Evaluation of digital and wrist strength is done next. Other than pain limiting effort, these should be close to normal limits. Sensation is then typically assessed by touching the fingers and asking the patient whether it feels normal or if it feels the same as the contralateral side. More definite measurements can be obtained using two-point discrimination; sharp/dull discrimination; or, when necessary, Semmes-Weinstein sensory threshold mapping. It is not uncommon to uncover a concurrent median nerve compression syndrome even if this was not part of the initial presentation.

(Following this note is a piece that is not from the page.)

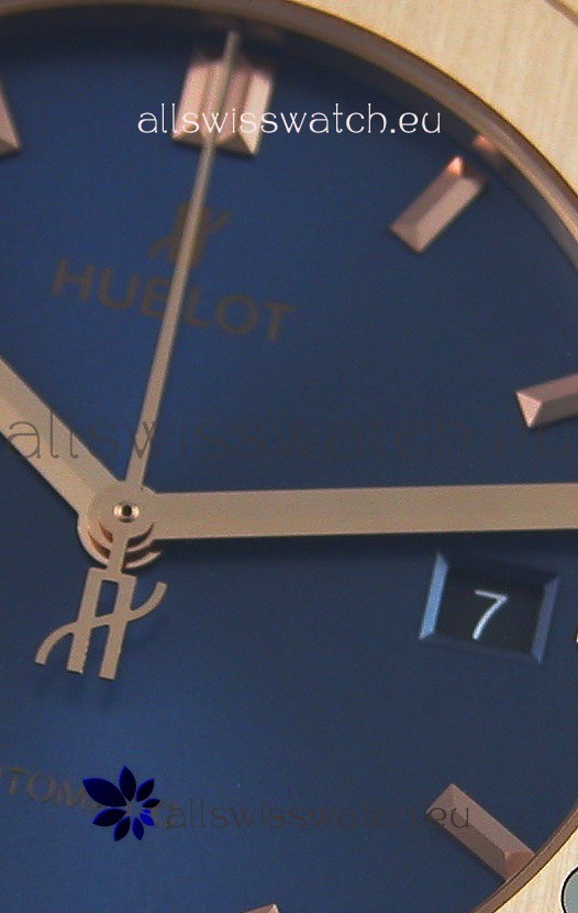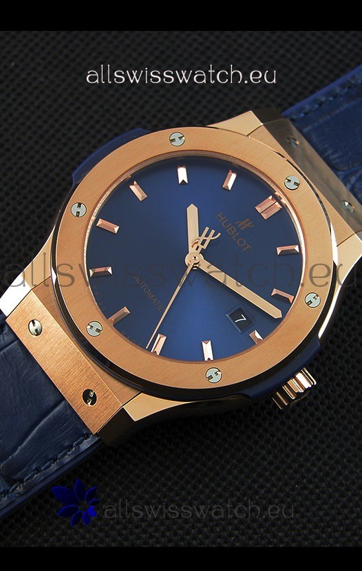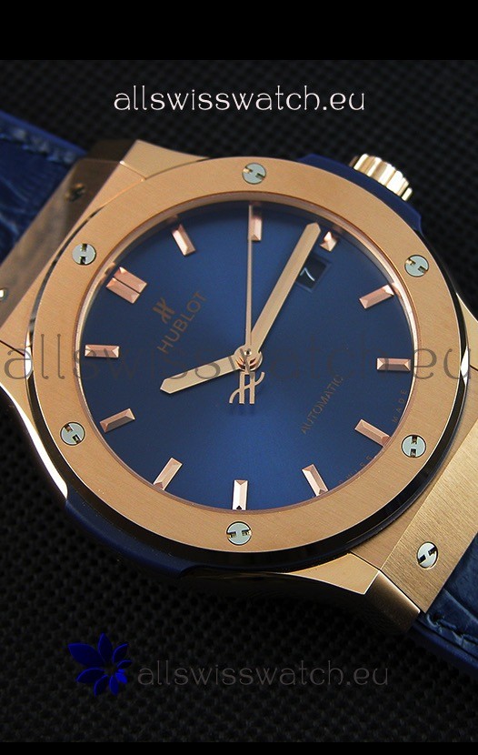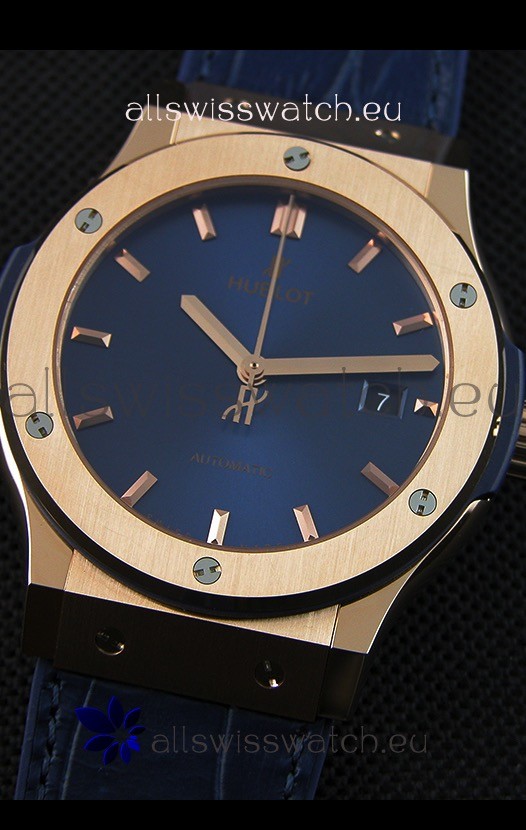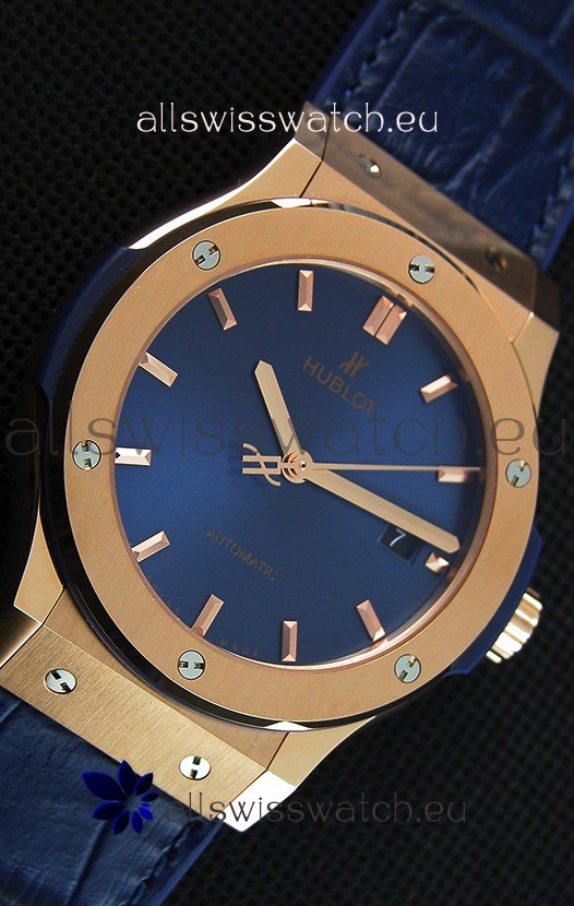 Top Grade Hublot Classic Fusion Blue King Gold Swiss Replica Watch - 1:1 Mirror Replicawith Free Shipping and 1 year warranty

With the general examination issues out of the way, the primary pain generators are pinpointed using digital palpation and provocative maneuvers. The point of maximum tenderness is narrowed down by carefully palpating each area of the wrist. The radial carpal joint, the scapholunate interval, the STT joint, the radial styloid articulation, the CMC joint of the thumb, the midcarpal joint, the ulnar fovea, and the DRUJ should all be separately palpated depending on where the patient’s primary complaints ( Fig. 1-5 ). Often this exercise is extremely helpful, but other times, unfortunately, the pain distributions are vague or too widespread.